▶ RECORDS FOR THE TASK:
———

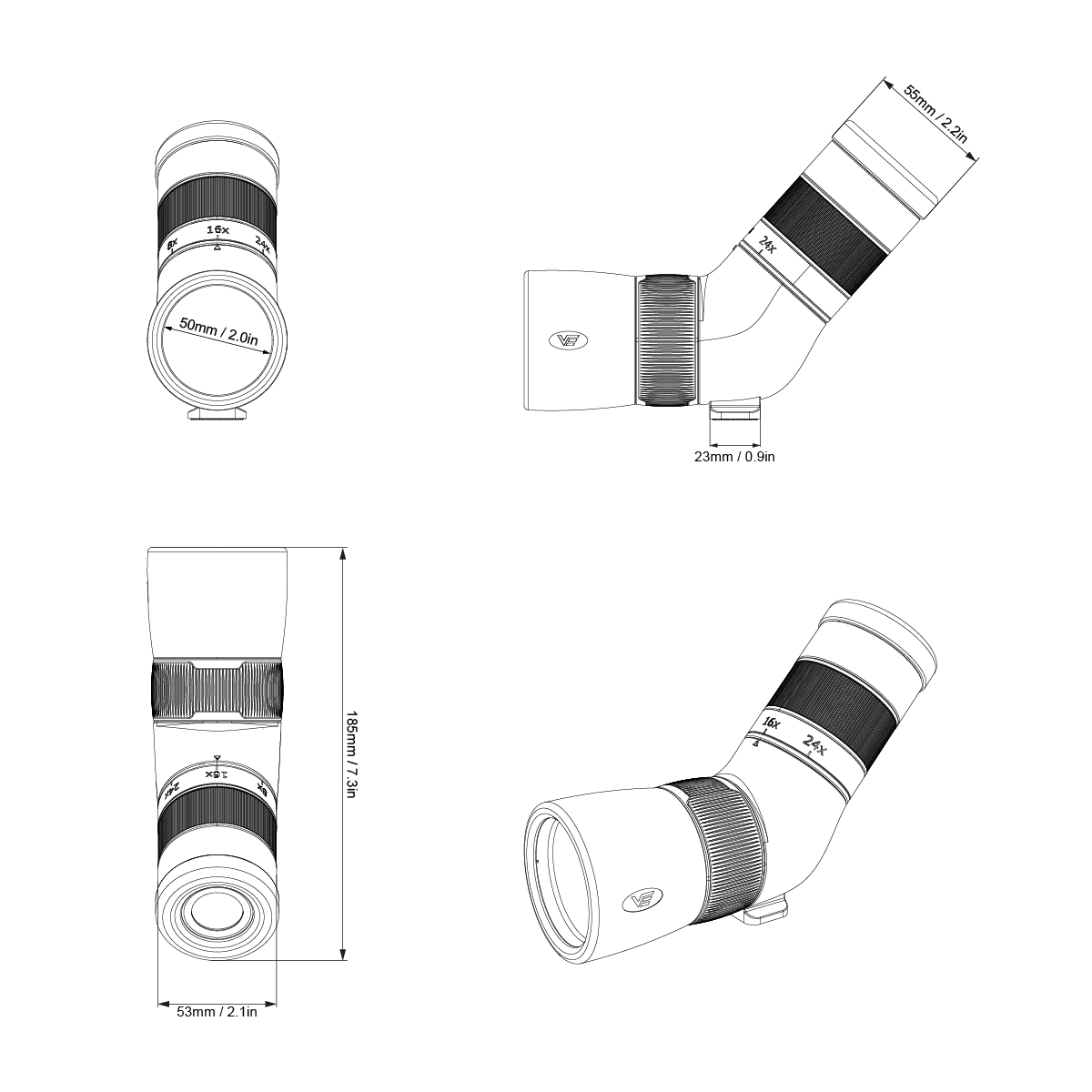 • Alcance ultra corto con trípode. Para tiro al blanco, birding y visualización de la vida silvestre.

———

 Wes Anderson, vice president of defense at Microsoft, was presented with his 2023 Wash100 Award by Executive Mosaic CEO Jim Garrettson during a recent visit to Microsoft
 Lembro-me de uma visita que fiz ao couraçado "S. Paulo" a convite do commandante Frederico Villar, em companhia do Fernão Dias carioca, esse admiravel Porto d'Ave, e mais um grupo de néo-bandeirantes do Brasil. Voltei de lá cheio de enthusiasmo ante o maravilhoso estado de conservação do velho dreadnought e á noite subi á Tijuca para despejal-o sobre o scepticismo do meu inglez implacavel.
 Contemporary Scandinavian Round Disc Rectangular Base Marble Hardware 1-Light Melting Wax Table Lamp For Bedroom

———

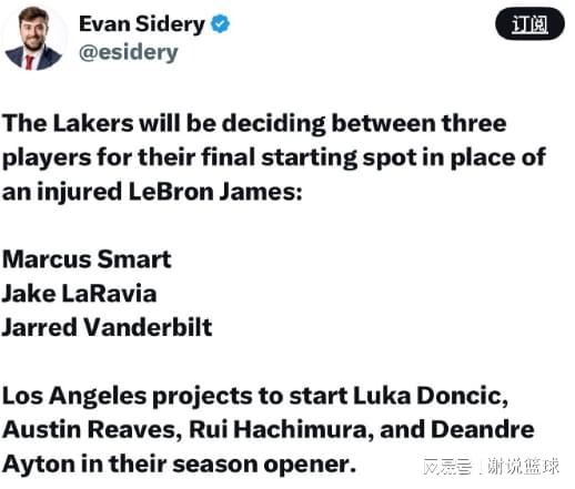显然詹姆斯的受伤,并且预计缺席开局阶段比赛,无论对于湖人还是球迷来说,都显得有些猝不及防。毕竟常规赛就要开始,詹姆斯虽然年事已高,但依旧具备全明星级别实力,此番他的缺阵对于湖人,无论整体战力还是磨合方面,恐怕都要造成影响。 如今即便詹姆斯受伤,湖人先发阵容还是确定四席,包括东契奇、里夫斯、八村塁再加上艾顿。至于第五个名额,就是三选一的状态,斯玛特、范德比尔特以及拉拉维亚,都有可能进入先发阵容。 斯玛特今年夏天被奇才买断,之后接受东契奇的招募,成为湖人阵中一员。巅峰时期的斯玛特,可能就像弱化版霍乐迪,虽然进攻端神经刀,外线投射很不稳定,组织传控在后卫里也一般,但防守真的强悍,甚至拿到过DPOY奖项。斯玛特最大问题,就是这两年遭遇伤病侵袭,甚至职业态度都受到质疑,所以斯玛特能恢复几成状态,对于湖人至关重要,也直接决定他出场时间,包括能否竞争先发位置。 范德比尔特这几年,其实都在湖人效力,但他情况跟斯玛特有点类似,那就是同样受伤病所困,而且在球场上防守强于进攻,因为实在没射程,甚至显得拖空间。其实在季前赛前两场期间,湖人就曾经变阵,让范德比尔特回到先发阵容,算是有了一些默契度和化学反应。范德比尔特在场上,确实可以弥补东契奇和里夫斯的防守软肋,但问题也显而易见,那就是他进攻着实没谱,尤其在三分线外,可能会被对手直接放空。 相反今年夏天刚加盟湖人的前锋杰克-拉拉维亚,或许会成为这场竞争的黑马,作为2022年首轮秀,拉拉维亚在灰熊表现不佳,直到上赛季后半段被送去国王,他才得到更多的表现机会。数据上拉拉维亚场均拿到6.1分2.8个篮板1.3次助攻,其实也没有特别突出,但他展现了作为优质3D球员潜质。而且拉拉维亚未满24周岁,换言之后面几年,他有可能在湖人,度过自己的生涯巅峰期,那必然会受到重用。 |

———

▶ WORK REQUEST: Repeat the entries above verbatim, but only from the line that has "Wes Anderson, vice" down to the line that has "Contemporary Scandinavian Round", inclusive.

▶ RESPONSE:
 Wes Anderson, vice president of defense at Microsoft, was presented with his 2023 Wash100 Award by Executive Mosaic CEO Jim Garrettson during a recent visit to Microsoft
 Lembro-me de uma visita que fiz ao couraçado "S. Paulo" a convite do commandante Frederico Villar, em companhia do Fernão Dias carioca, esse admiravel Porto d'Ave, e mais um grupo de néo-bandeirantes do Brasil. Voltei de lá cheio de enthusiasmo ante o maravilhoso estado de conservação do velho dreadnought e á noite subi á Tijuca para despejal-o sobre o scepticismo do meu inglez implacavel.
 Contemporary Scandinavian Round Disc Rectangular Base Marble Hardware 1-Light Melting Wax Table Lamp For Bedroom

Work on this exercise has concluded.